TASK INSTRUCTIONS
Your task is to transcribe exactly, and only, the lines running from the one with "604. (B348-T26133) ฝอยขัดกระทะ" to the end of the listing below, inclusive, with every picture left out.

DATASET SECTION
:::::
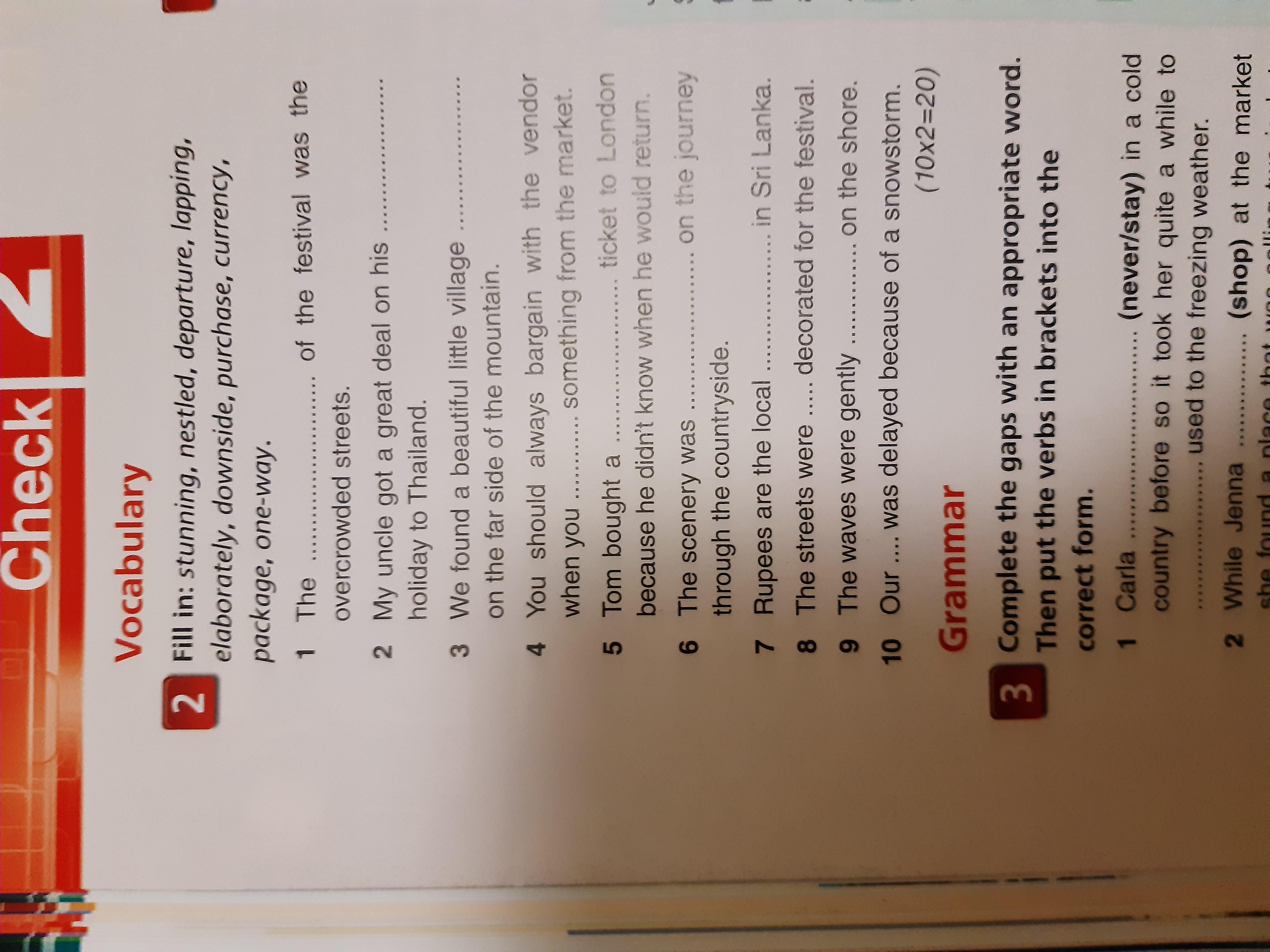 Fill in: stunning, nestled, departure, lapping, elaborately, downside, purchase, currency, package, one-way.
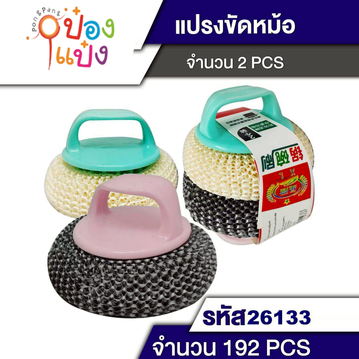 604. (B348-T26133) ฝอยขัดกระทะ ด้ามจับโค้งสั้น คละสี แพ็คเดี่ยว 1*192 W805
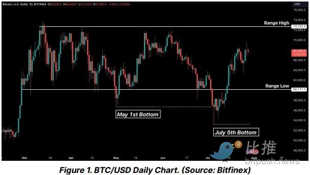 Bitfinex 分析师表示:「BTC 在 68,000-69,000 美元区域遭遇强劲上行阻力,并经受住了 7.24% 的周内回调,因为现货市场的累积趋势仍在继续,我们预计 68,000-69,000 美元的水平将继续充当阻力位,预计它会在这些水平附近波动或小幅下跌。」
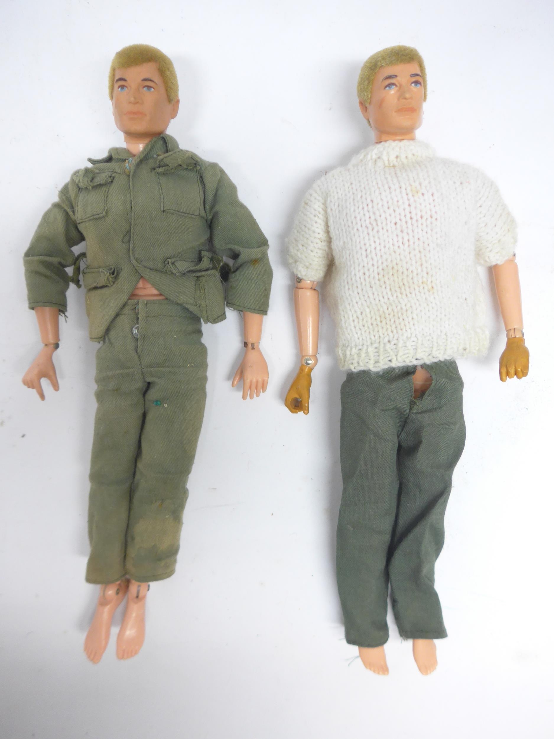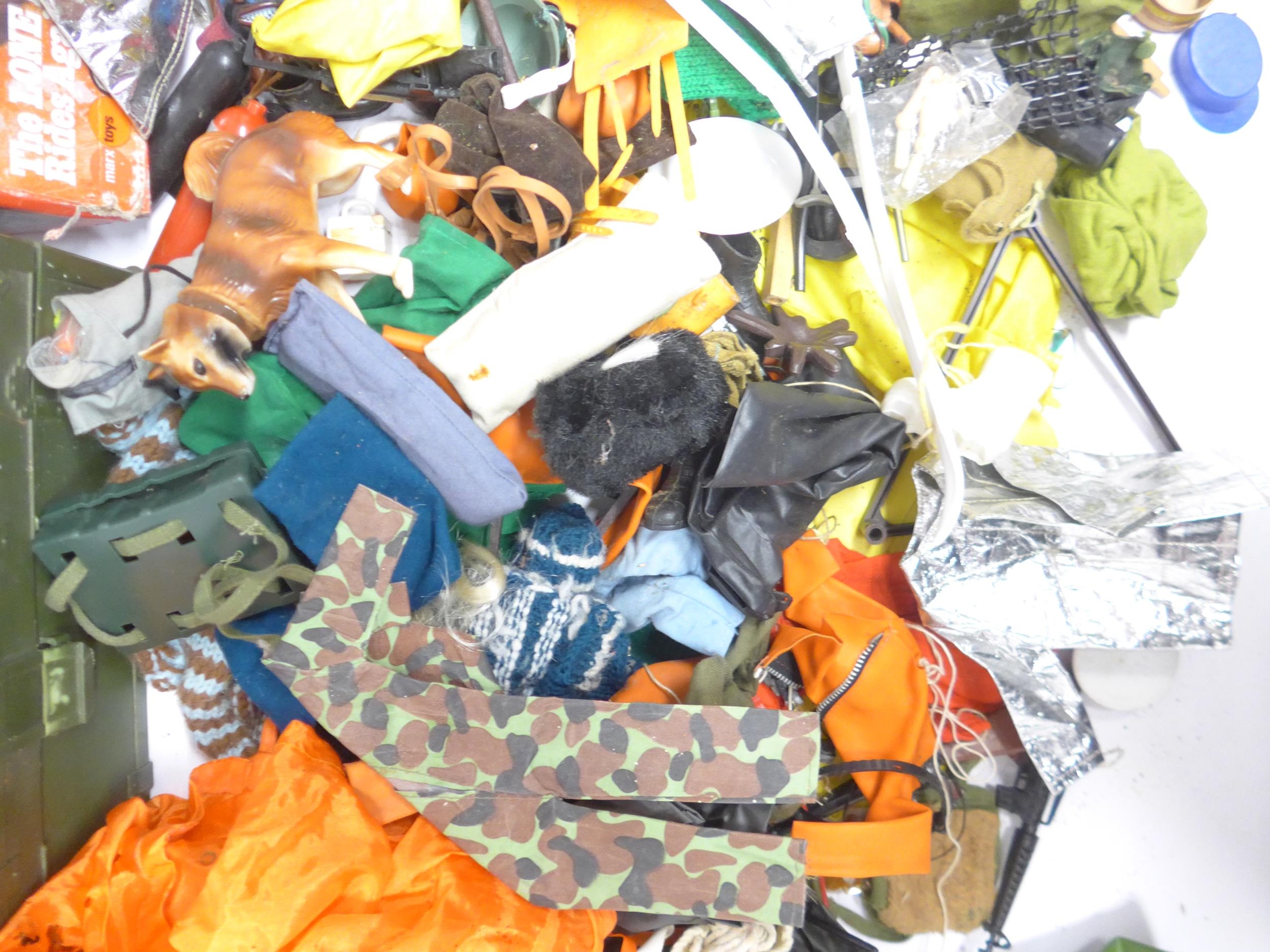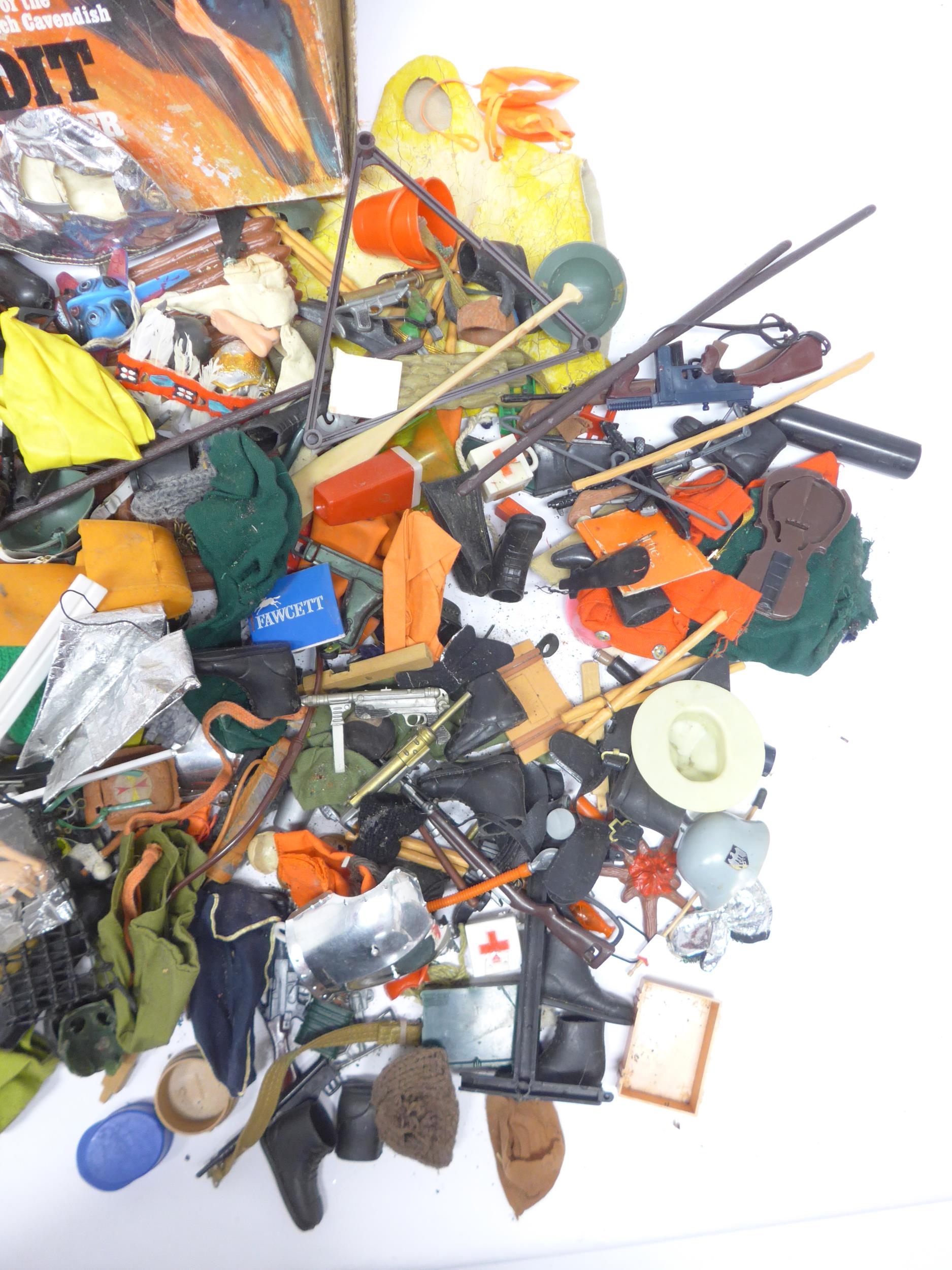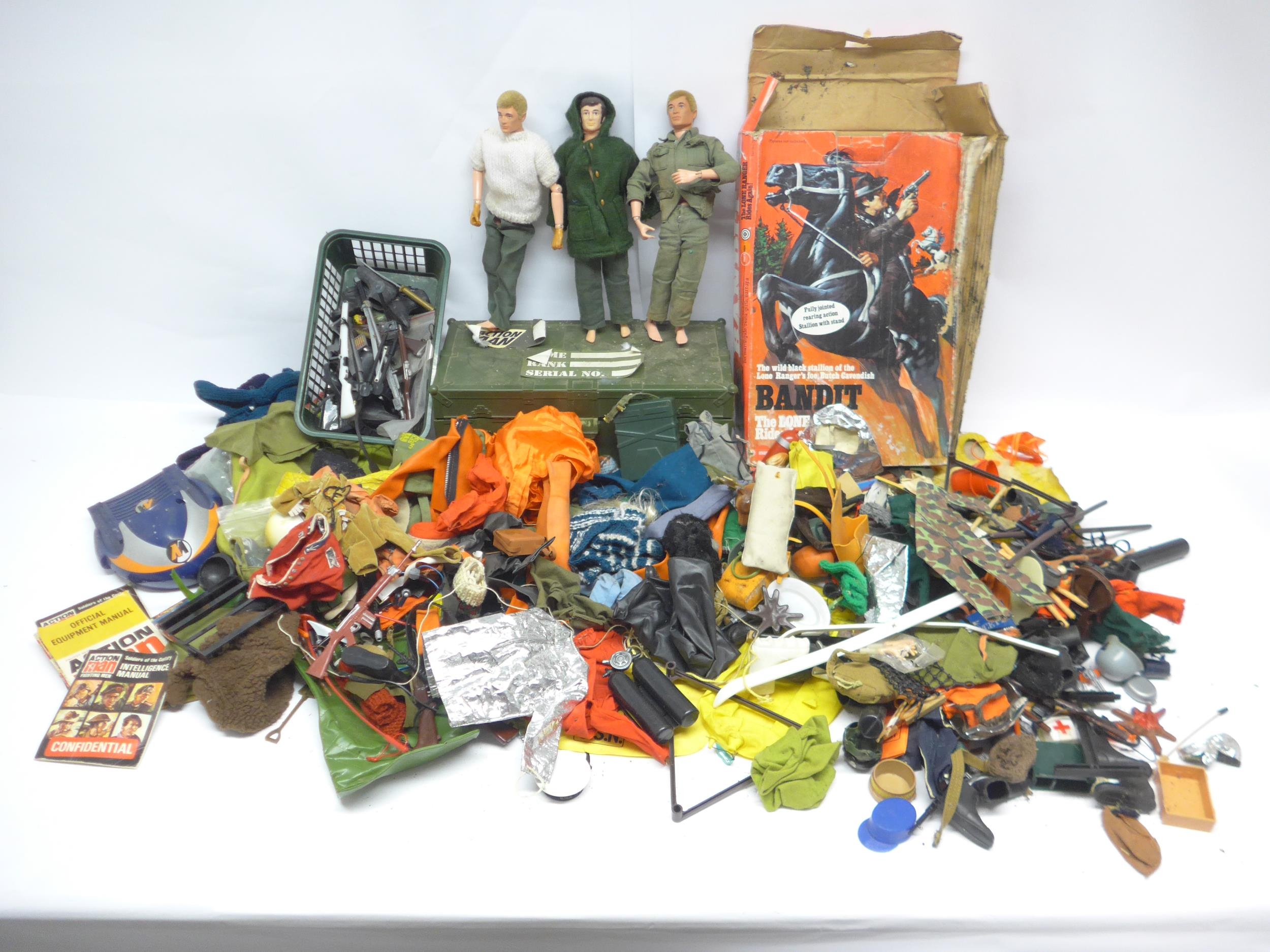 Two vintage Palitoy Action Man figures with blonde flock hair, a Hong Kong made Action Man style figure, an empty Marx Toys Lone Ranger Bandit box (poor), and a large quantity of Action Man, Lone Ranger and similar clothing, accessories and spares (general wear and signs of damp storage throughout)
:::::
YOUR SOLUTION
 604. (B348-T26133) ฝอยขัดกระทะ ด้ามจับโค้งสั้น คละสี แพ็คเดี่ยว 1*192 W805
 Bitfinex 分析师表示:「BTC 在 68,000-69,000 美元区域遭遇强劲上行阻力,并经受住了 7.24% 的周内回调,因为现货市场的累积趋势仍在继续,我们预计 68,000-69,000 美元的水平将继续充当阻力位,预计它会在这些水平附近波动或小幅下跌。」
 Two vintage Palitoy Action Man figures with blonde flock hair, a Hong Kong made Action Man style figure, an empty Marx Toys Lone Ranger Bandit box (poor), and a large quantity of Action Man, Lone Ranger and similar clothing, accessories and spares (general wear and signs of damp storage throughout)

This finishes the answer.